С трепетом повиновался я и снял черкесское платье кармазинного цвета. Мне приходило на мысль спросить своего собеседника, какого нрава их пан Мемнон, каких лет, давно ли упражняется в разбое и с которого времени атаманствует, но робость оковала язык мой. Однако ж, когда совсем был готов, то дрожащим голосом произнес:
— У меня на шее висела сумка с…
— Да, да, — подхватил казак, — я и забыл. Вот она. — С сим словом откинул угол матраца, и я увидел свою драгоценность, схватил и спрятал в карман. Угрюмый черноморец повел меня к своему господину.

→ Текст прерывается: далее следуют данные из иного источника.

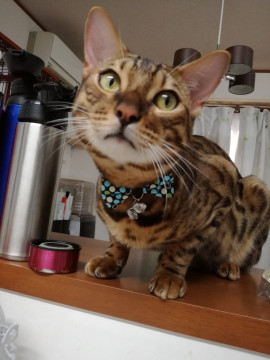 毛色は茶色で黒の斑点模様があります。しっぽは長くてまっすぐです。首輪は水色や白の大きな水玉模様で、一部がリボンの形になっていて、魚のチャームが付いています。

Прошед несколькопокоев, я введен был в комнату, великолепные уборы коей меня поразили. Там, в больших креслах, какие только случалось видеть мне у ректора семинарии, сидел мужчина лет под пятьдесят в дорогом польском платье. Вид его был величествен, взор внушал благоговение. Хотя я сначала совершенно смешался и дрожал во всем теле, однако скоро, ополчась философиею, подошел к нему, выпрямился и, заикаясь, произнес:
— Могущественный атаман! хотя ремесло твое таково, чтобы отнимать жизнь у людей, но ты столько великодушен, что иногда и возвращаешь оную, как доказал то надо мною. В знак благодарности охотно отступаюсь от ста злотых, бывших у меня в кармане, дозволь только сейчас отсюда удалиться, нет нужды, что платье мое еще мокро. Пусть один из твоих разбойников выпроводит меня из сего вертепа на дорогу в город.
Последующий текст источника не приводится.